A loophole in the MP complaints system may see Rob Roberts avoid a by-election – despite his whopping 6-week suspension. Suspension judgments greater than 10 sitting days – handed down from the Standards Commissioner – entitle an MP’s constituents to initiate a recall petition; if it hits a 10% threshold, a by-election would have to be held. Yet because the ruling came from the newly-established Independent Expert Panel, Rob Roberts’ suspension will not entitle his constituents to this right. The IEP was only established in 2020 – this is the first ruling against an MP by it, thereby explaining why the loophole’s only just been noticed.

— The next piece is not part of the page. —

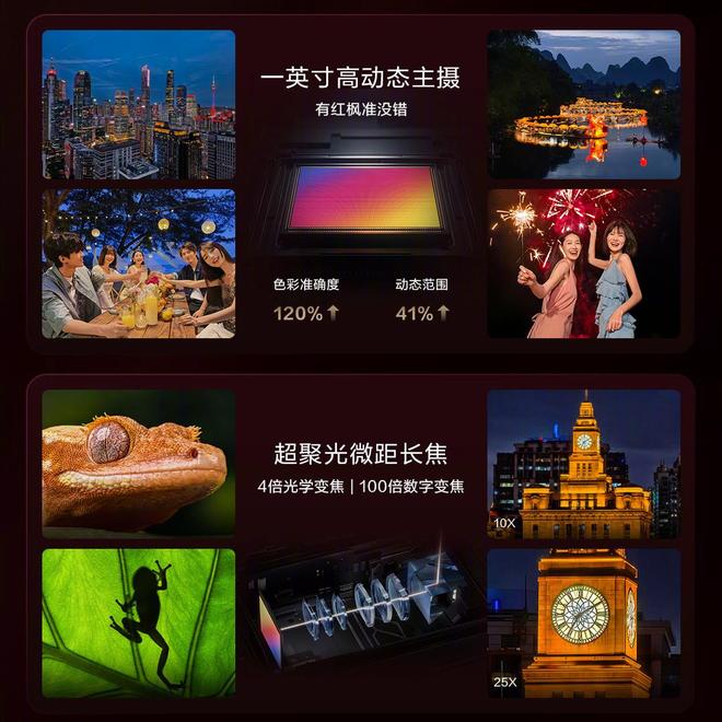 前置1300万像素摄像头,后置5000万主摄(1英寸,F1.6-F4.0,OIS)+4000万超广角+4800万长焦微距(F2.1、OIS)+150万多光谱通道红枫四摄组合,核心卖点是1英寸超大底主摄、个性色卡、红枫原色影像和4倍光学变焦等功能。其中Pro+机型主摄拥有更高的动态范围,能够带来更强的光线捕捉能力,带来更出色的夜景体验和高动态夜景视频。
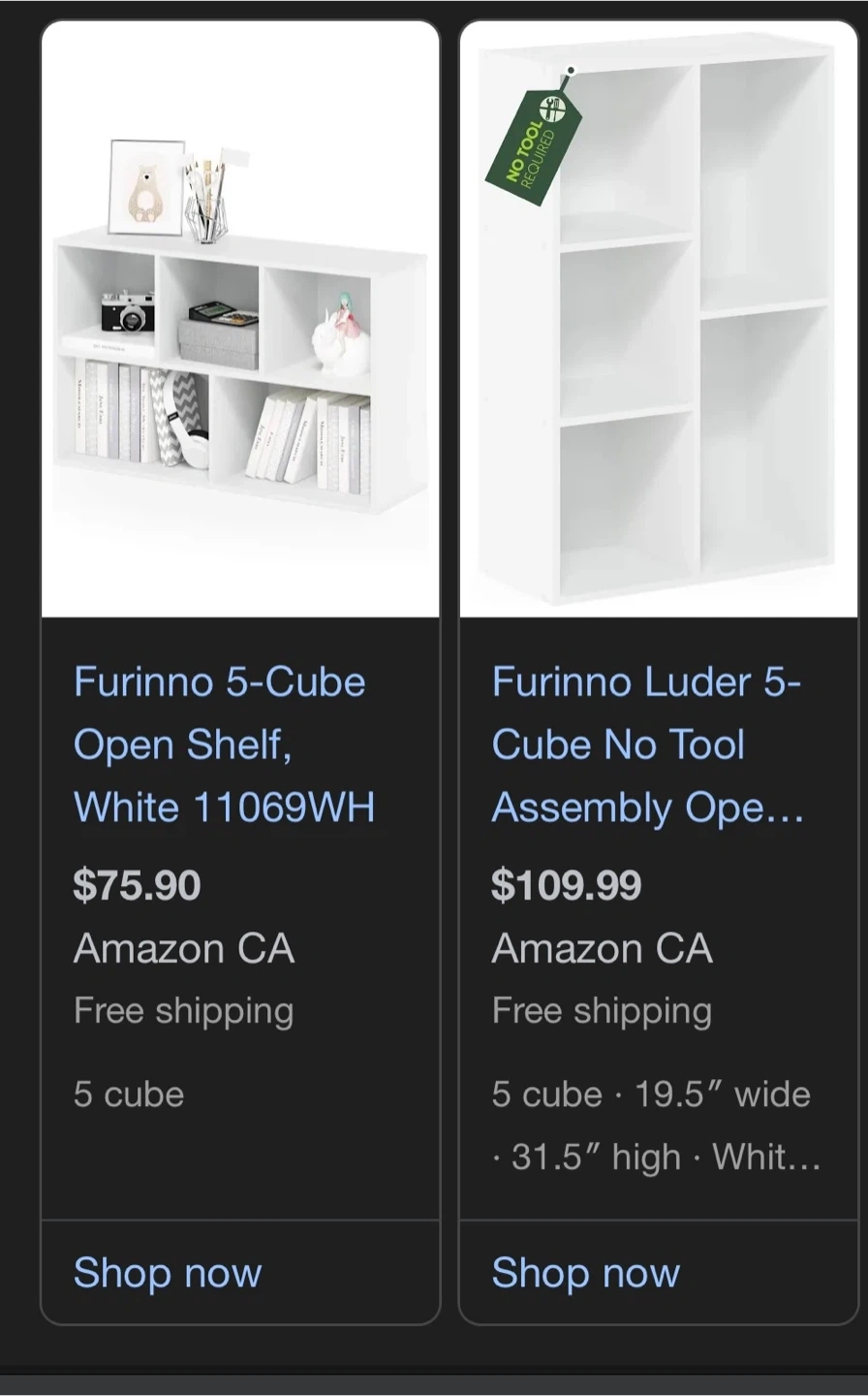 Selling a Furinno 5-Cube Open Shelf Bookcase in white! It's in great condition and comes in its original box, never opened. This is a great shelf for organizing books or displaying items. The dimensions are approximately 19.5" wide and 31.5" high. Easy to assemble with no tools required! Originally bought for $75.90. Bought two, decided to just use one.

Various senior ministers have indicated moves are afoot to close this loophole, though it may not come in time to see Roberts sacked by his voters. There are also concerns that retrospective changes to target one individual may not go down well. Retrospective legislation is rightly seen as bad law. The government has said Jacob Rees-Mogg will “invite relevant bodies to consider whether any changes could be made in future to the process to enable recall to be triggered.” The phrasing “in future” make Mogg’s orthodox view clear.
This morning Grant Shapps said he agreed “this loophole does need to be closed”, and at PMQs Boris said he would “take that point very seriously” when asked by a Welsh Labour MP whether the government would introduce emergency measures to close the loophole. It sounds like MPs are to vote on Roberts’ suspension tomorrow morning.